# 2003 SVT Cobra 680hp/650lbs



## GOATTEE (Nov 30, 2006)

A friend took me for a ride in his Cobra that is modified but street legal. Whipple supercharger at 15psi with some intake/brake mods. T56 tranny totally stock like the Goat. He has 315mm drag tires on it. It was the fastest thing I have ever felt. When he drove it around like normal you would never know the power was under the hood as it was quiet and tame. 

0-60 3.2
1/4 mile 11.03 124mph

When we took off the tires did not hook up until 100mph in 3rd gear. I had to change my diapers afterwords.:lol: Made me realize the potential of my nearly stock GTO.


----------



## 04YJ-GTO (Nov 7, 2007)

Those are the badest mustangs ever built. I bet that motor is 100% bonestock with that whipple at 15psi on top of it. Turbo 03-04 cobras have put down as much as 1100rwhp with the stock motor.


----------



## Aramz06 (Mar 2, 2008)

*When we took off the tires did not hook up until 100mph in 3rd gear.*


Thats when you know youve got a monster V8!! :lol: :willy:


----------



## PDQ GTO (Jun 21, 2007)

Hmm. Not too interested in reaching 100-MPH with little or no traction. I can think of better ways to die...:willy:



Aramz06 said:


> *When we took off the tires did not hook up until 100mph in 3rd gear.*
> 
> 
> Thats when you know youve got a monster V8!! :lol: :willy:


----------



## GOATTEE (Nov 30, 2006)

04YJ-GTO said:


> Those are the badest mustangs ever built. I bet that motor is 100% bonestock with that whipple at 15psi on top of it. Turbo 03-04 cobras have put down as much as 1100rwhp with the stock motor.

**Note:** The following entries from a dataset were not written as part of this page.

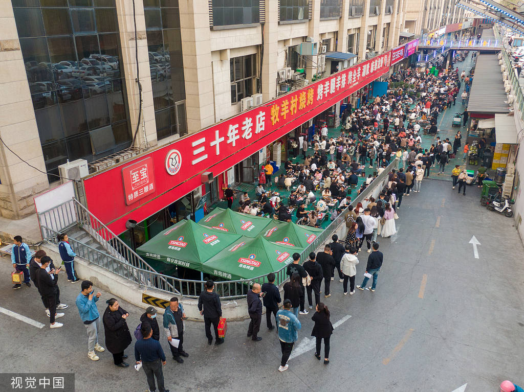 2023年3月31日,山东淄博,网红烧烤店牧羊村烧烤门前大排长龙。
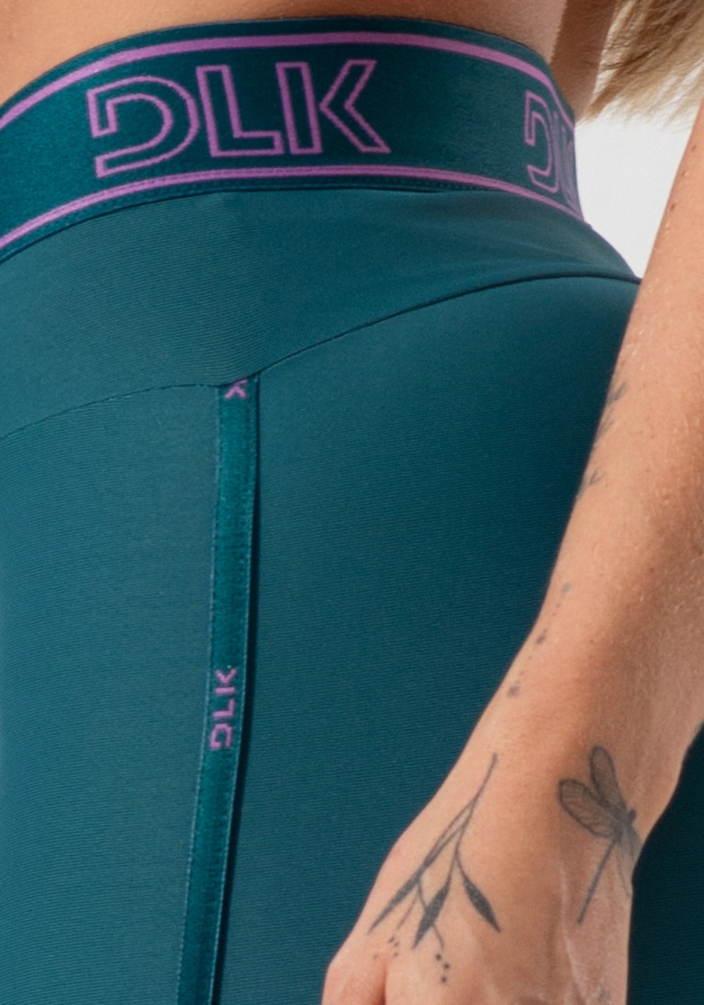 Com tecido de poliamida, essa legging verde une elasticidade, compressão média e conforto térmico. Os elásticos personalizados aplicados no cós e nas laterais criam um visual autêntico e garantem sustentação.
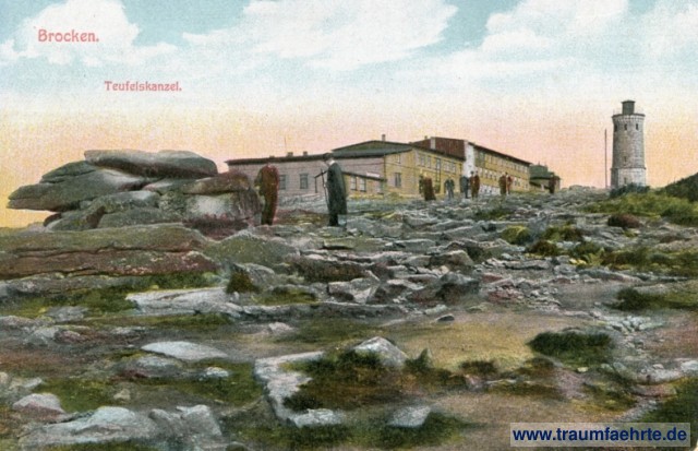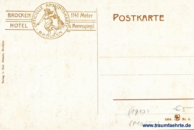 – Details – Year: 1908 Postal state: postally unused Inscription front: Brocken. Teufelskanzel. Inscription back: Postkarte, Officielle Ansichtskarte, Brocken, Brocken Hotel, 1141 Meter ü. Meeresspiegel, Dep, Verlag v. Rud. Schade, Brocken, 1908. R H, Nr. 5. Postmark(s): none Please note:
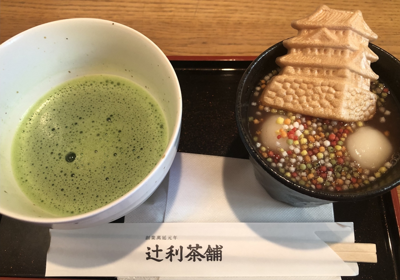 久しぶりにあんこが食べたくて訪問しました。ぜんざいには、インスタ映えしそうな、小倉城の最中と、カラフルなあられが乗っていて、お抹茶とのセットで720円に値上げしてました。以前は栗の甘露煮と、カラフルなもちが入っていました。私はそちらの方が好きです。
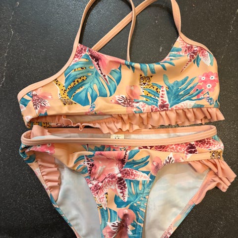 Uusi uikkari koko 5-6, vastaa mielestäni 110 kokoa. Sovitettu vaatteiden päällä ja olikin pieni.

Yes that is true the rest of the motor is stock. He is running 91 pump gas at 15 psi. I guess if he dials it up to 17 psi at the track he puts a little 100 octane mixed in.


----------



## Chrisco (Mar 19, 2007)

PDQ GTO said:


> Hmm. Not too interested in reaching 100-MPH with little or no traction.


I am. That's badass.


----------



## bassist3453 (Apr 9, 2008)

:agree
wish it was that easy for us to put down those kind of numbers


----------



## koman (Sep 25, 2006)

bassist3453 said:


> :agree
> wish it was that easy for us to put down those kind of numbers


it is. FI or nawz. there are a few 700 rwhp gto's out there.


----------



## Mike_V (Mar 10, 2006)

You took a ride in a killer car, and we don't even get a cell phone picture - thanks. :confused


----------